Purpose: Patients with high on-treatment platelet reactivity (HPR) against aspirin or clopidogrel are at increased risk for adverse cardiovascular events. In this study, we explored the predictive value of common SNPs for the on-treatment platelet reactivity (OPR) against aspirin and clopidogrel assessed by VerifyNow assays.
Methods: This study recruited 286 Han Chinese individuals undergoing antiplatelet treatment, including 159 cases with aspirin only (100 mg/day) and 127 cases with dual therapy (aspirin 100 mg/day plus clopidogrel 75 mg/day) for at least 2 weeks. The OPR against aspirin and clopidogrel were assessed by VerifyNow Aspirin (ARU) and P2Y12 assays (PRU), respectively. Genotyping for the selected 25 SNPs within 11 genes and 2 GWAS loci was carried out by ABI multiplex SNaPshot method.

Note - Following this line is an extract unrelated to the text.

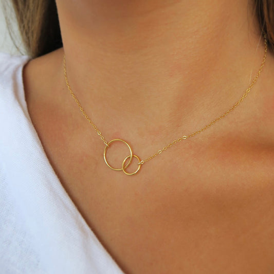 LOCKED CIRCLES NECKLACE - Yellow Gold & Silver
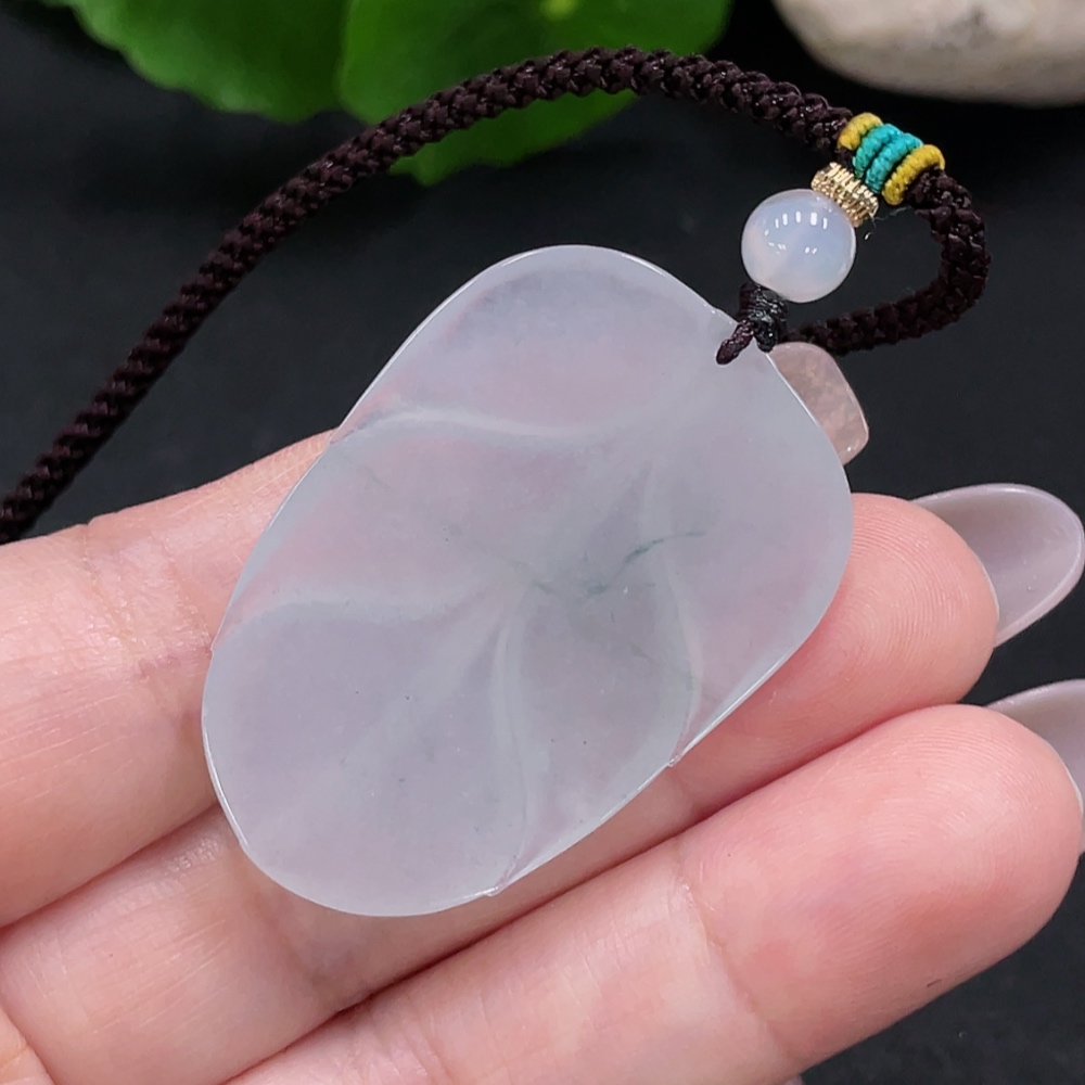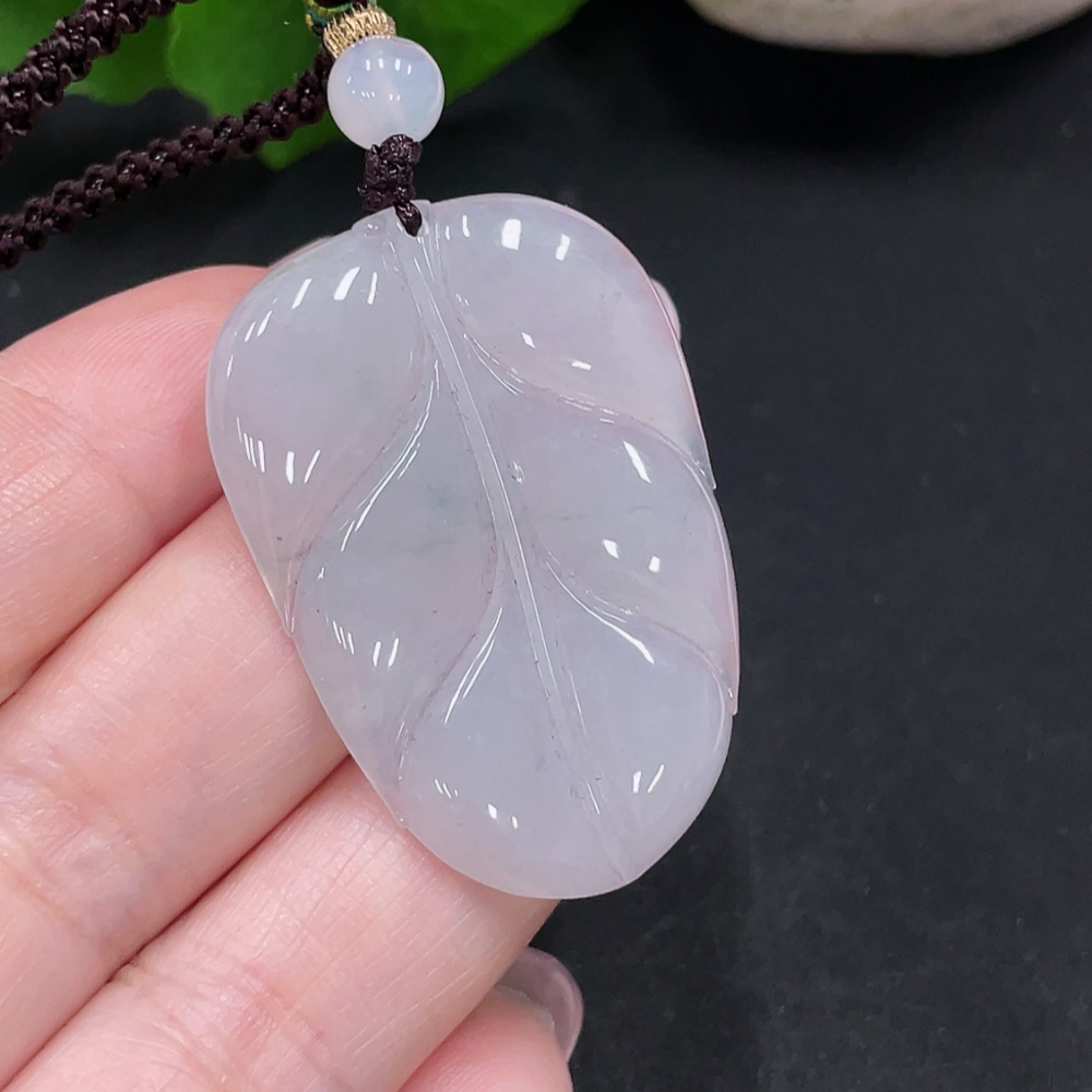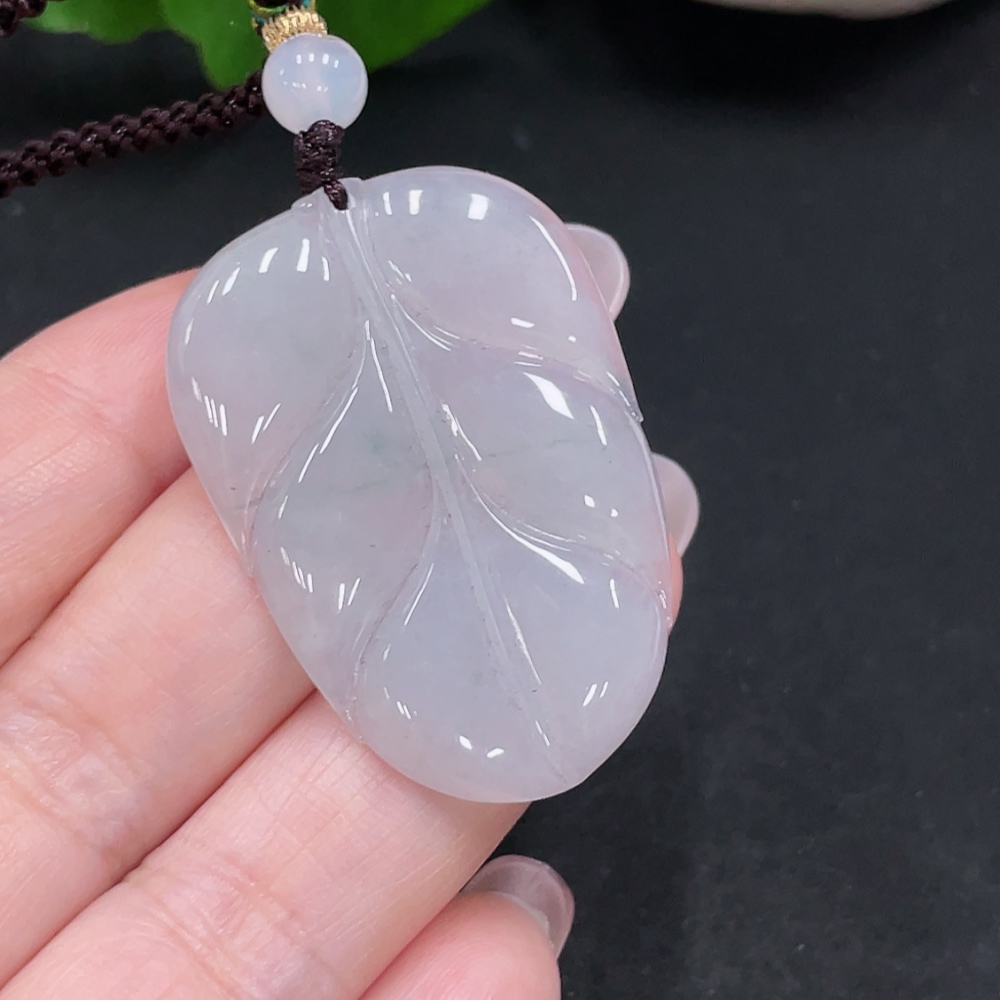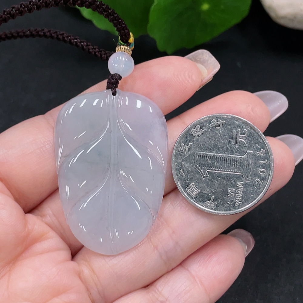 Jadeite Leaf Pendant Total Weight Approx. 11.33g (Incl. Cord Weight) With Non-Grade A Beads

Results: The results indicated that rs4244285 (CYP2C19) and rs342293 (7q22.3) were significantly associated with PRU value (both P < 0.01). As for the OPR to aspirin, a weak statistical significance was observed in rs5445 (GNB3) (P = 0.049) and rs5758 (TBXA2R) (P = 0.045). After adjusting for the covariates including gender, age and smoking, carriers of allele A of rs4244285 remained as a strong predictor for HPR against clopidogrel.
Conclusion: The current study suggests that common SNPs may predict OPR against clopidogrel as assessed by VerifyNow P2Y12, but are less likely to respond against aspirin as assessed by VerifyNow Aspirin.